Chanonat, 1982. J’avais dû assez mal me comporter pour que ma rédaction me dépêche en Auvergne enquêter sur les bals des pompiers. D’Ambert à Issoire, de Riom à Thiers, le pompier auvergnat n’est pas ce que Dieu a posé de plus glamour sur la terre. On n’en fait pas des calendriers et si, par malheur, le feu vient à incendier la moindre grange, personne ne se précipite au dehors pour admirer le corps des sapeurs ardant à l’effort. C’est qu’en Auvergne les pompiers ne sont pas de solides et mâles gaillards, arborant leurs vingt ans et leurs muscles saillants. On les choisit bien vieux, un peu secs, le casque mal ajusté sur leur tête chenue. Si l’un d’entre eux tombe, il brûle comme le premier fétu venu et sa veuve se console à l’idée qu’elle ne se ruinera pas en coûteux enterrement.
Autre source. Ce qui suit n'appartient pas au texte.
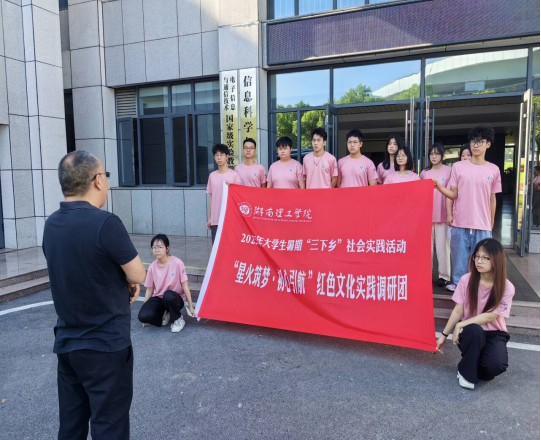 出发前,信息学院党委书记肖迎群、党委副书记付亚子特意为参与“三下乡” 的同学们送行,并送上殷切叮嘱。肖书记强调在活动过程中严格遵守团队纪律和当地规章制度,团队要严格落实安全责任制,希望大家在此次实践过程中,用心聆听红色故事,用情感受红色文化,把红色精神的火种带回校园,传递给更多同学,在实践中深化国情认知、增长才干。

Le pompier auvergnat ne présente qu’un seul intérêt : une fois l’an, il organise un bal. Un vieux chapiteau, une estrade improvisée et, par-dessus, une brigade toute entière de sapeurs qui essaient de tirer des sons d’instruments qui ne leur ont rien fait. Sur la piste, une population passablement avinée esquisse des pas de ce que l’on croit être une danse. Il ne faut pas tenter le rock quand on ne sait que la bourrée.
Je m’étais commencée à la Gentiane et je finissais ma deuxième bouteille de Saint-Pourçain, quand un grand escogriffe vint se planter devant moi. Son corps de squelette était couronné d’une tête assez ridicule. Un pantalon à pattes d’éléphant, une chemise à jabot surmonté d’un nœud papillon grotesque, une trop petite veste en tweed étaient censés l’habiller pour l’occasion. Le plus ahurissant est que cet être ridicule était doué de la parole et n’hésitait pas à le montrer.
– Bonchoir, Madame. Je chuis l’accordéonichte de la brigade des chapeurs-pompiers de Chanonat et che ne chèche (du verbe checher) de vous regarder depuis que vous êtes entrée. Puis-che m’acheoir à vos côtés ?
– Ah non, le chuintant ! Il ne s’assied pas à mes côtés. Ou alors il va me chercher une bouteille de Saint-Pourçain. Et fissa.
Il s’exécuta. Cinq minutes plus tard, il revenait, une bouteille de rouge à la main.
– Ch’ai remarqué votre petit acchent, me dit-il en remplissant mon verre. Vous n’êtes pas de Chanonat ?
– Non, non. Je suis allemande.
Il essuya une larme et me raconta, d’une voix émue, qu’il avait dix-sept ans quand les Allemands défilèrent sur les Champs-Elysées. Puis, il s’enfila un verre.
– C’est assez dommache qu’il ne cherve pas à mancher ichi. Vous chavez qu’avec le Chaint-Pourchain, il n’y a rien de mieux que les œufs brouillés. Aimez-vous les œufs brouillés ?
Il était bien gentil, le fou chuintant. Mais il commençait à me les brouiller, les œufs. Je fis alors ce que je fais en pareille occasion : je me réfugiai dans un éthylisme absolu, mais toujours digne. Quand il revint avec la huitième bouteille de Saint-Pourçain, je n’entendais même plus ce qu’il me disait. Le type me semblait avoir une fêlure au casque : il disait avoir été président de la République, bien aimer les grands Blacks et les diamants, rêver de faire le tour du monde en avion renifleur. Plus ça allait, plus il divaguait.
Le moment vint où il s’aventura à poser la main sur la mienne et à me regarder au fond des yeux. C’est précisément le moment que je choisis pour me lever, prétextant devoir me refaire une beauté. J’étais déjà dehors qu’il me rattrapa.
– Princhèche, princhèche ! hurlait-il. Puis-che vous appeler ma princhèche ?
– Vas-y, le bougnat, si ça te fait plaisir.
– Vous êtes ma princhèche ! Che vais le dire, le chanter à l’accordéon et peut-être même un jour l’écrirai-che.
– Oui, c’est ça, écris-le.
J’étais déjà loin que je l’entendais crier « Au revoir, Princhèche », dans la brume d’Auvergne.